There are no regulatory standards thus far with respect to error in the precision of cerebral oximetry readings. Nevertheless, when examining the pulse oximeter, a monitor similar in design to a cerebral oximeter, the regulatory standards permit SpO2 values to vary from baseline up to 3.5% according to the U.S. Food and Drug Administration and up to 4% according to the International Organization for Standardization.18,19 The present FORE-SIGHT ELITE monitor recorded values that were less than two standard deviations from baseline (7.3%), which is likely to be clinically acceptable. The extreme conditions of induced cutaneous ischemia from pneumatic cuff compression may not be reproducible in real-time clinical settings; therefore, this deviation may even be less during other clinical conditions.

There are several limitations of the present study. First, the assumption that the cerebral oxygen saturation is a value that reflects a mixture of venous (70%) and arterial (30%) blood in the frontal cerebral cortex may not always hold true in different populations as well as under different physiologic conditions. Ito et al. suggested that changes in cerebral blood volume during hyper- or hypocapnia were largely due to changes in arterial blood volume and not venous or capillary blood volume.20 These findings may hold true during the extreme cutaneous ischemia induced by pneumatic cuff inflation, making the SctO2 difficult to interpret. Second, this study examined a small cohort of healthy volunteers. Cerebral oximetry readings may be significantly different in patients with significant comorbidities in real-time dynamic clinical settings. Third, all subjects were placed in the supine position, and therefore, the extent that cutaneous ischemia may differ in other positions (i.e., beach chair or prone) is unknown. Fourth, the small number of volunteers in this study may not lend itself to broad conclusions; however, this volunteer study included nearly twice as many subjects as the previous study by Davie et al.1 Fifth, other devices that may measure cerebral oxygenation more directly (e.g., jugular bulb venous saturation and microdialysis catheters) were not used in this study.3,4 The study did not determine the effect of ischemia induced by pneumatic cuff inflation on the measurements made by jugular bulb venous saturation and microdialysis catheters or compare their measurements with those of the present devices.

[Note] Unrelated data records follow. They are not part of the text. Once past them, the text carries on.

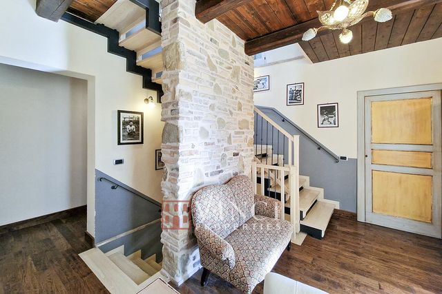 € 615.000 ID: 175805Typical three storey brickwork restored Marche farmhouse of about 325 sqm, with very large portico (porch) of about 60 sqm, detached outbuilding to be rebuilt of about 90 sqm, cellar of about 10 sqm, on a fenced garden of about 2.500 sqm, with extraordinary view of the Sibillini Mountains, the surrounding hills and medieval cities!The ground floor of this typical Marche farmhouse of about 120 sqm is divided into a wide living room with fireplace with dining area, a kitchen, a laundry - utility room, a study and a bathroom. The living room leads to the stunning 60 square meter portico (porch) with antique terracotta tile flooring. From here, you can access the garden, adorned with beautiful mature trees. From the portico and garden, you can enjoy the spectacular view of the Sibillini Mountains.
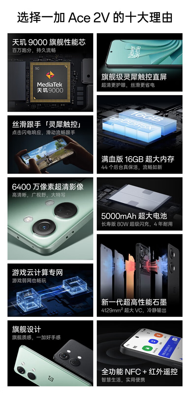 OPPO OnePlus Ace 2V second-hand mobile phone Dimensity 9000 flagship core 1.5K Lingxi touch direct screen 5G performance gaming phone celadon 16GB+256GB free super fast charge 99 new
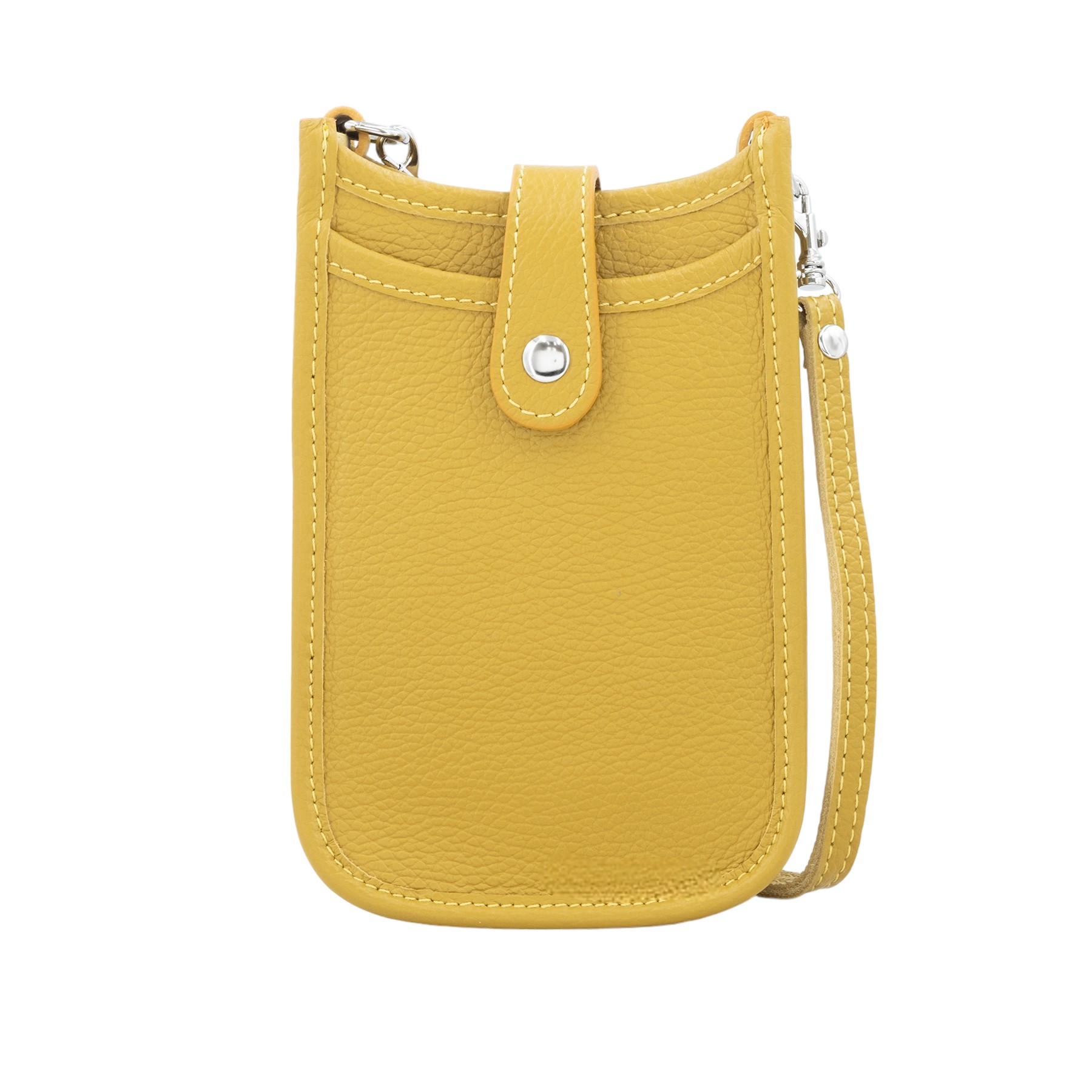 Italian Leather Phone Crossbody with Double Hem Mustard

In addition, the sample size was insufficient for a statistical evaluation of the effect of volunteer skin pigmentation and forehead shape on SctO2 measurements. Four subjects were African American with darker pigmented skin than the others; however, skin pigmentation did not appear to affect baseline, inflation, or deflation measurements.

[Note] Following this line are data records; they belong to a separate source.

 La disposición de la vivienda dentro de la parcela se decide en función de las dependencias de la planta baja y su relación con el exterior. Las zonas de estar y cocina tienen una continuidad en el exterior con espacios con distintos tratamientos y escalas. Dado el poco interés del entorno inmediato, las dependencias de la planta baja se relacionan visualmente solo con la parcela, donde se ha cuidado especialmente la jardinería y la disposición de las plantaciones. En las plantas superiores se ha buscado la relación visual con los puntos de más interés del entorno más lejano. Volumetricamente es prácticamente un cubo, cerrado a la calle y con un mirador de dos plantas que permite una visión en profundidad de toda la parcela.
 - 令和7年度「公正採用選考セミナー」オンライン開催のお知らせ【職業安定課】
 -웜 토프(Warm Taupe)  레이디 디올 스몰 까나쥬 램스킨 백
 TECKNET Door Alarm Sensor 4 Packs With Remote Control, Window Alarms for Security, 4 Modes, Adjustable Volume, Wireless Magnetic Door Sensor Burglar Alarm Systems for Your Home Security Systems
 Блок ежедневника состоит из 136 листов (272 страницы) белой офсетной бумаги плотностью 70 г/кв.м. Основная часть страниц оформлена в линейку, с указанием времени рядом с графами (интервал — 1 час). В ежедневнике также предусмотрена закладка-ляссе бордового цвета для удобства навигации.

In summary, this study compared cerebral oximeter measurements by the INVOS device (previously studied by Davie et al.) with measurements by the updated FORE-SIGHT ELITE device after pneumatic cuff inflation. The results suggest that both devices are subject to extracranial contamination. Nevertheless, the FORE-SIGHT ELITE device was significantly less affected by extracranial contamination than the INVOS device. The effect of this extracranial contamination on a variety of clinical conditions and on the practical use of these devices remains unclear.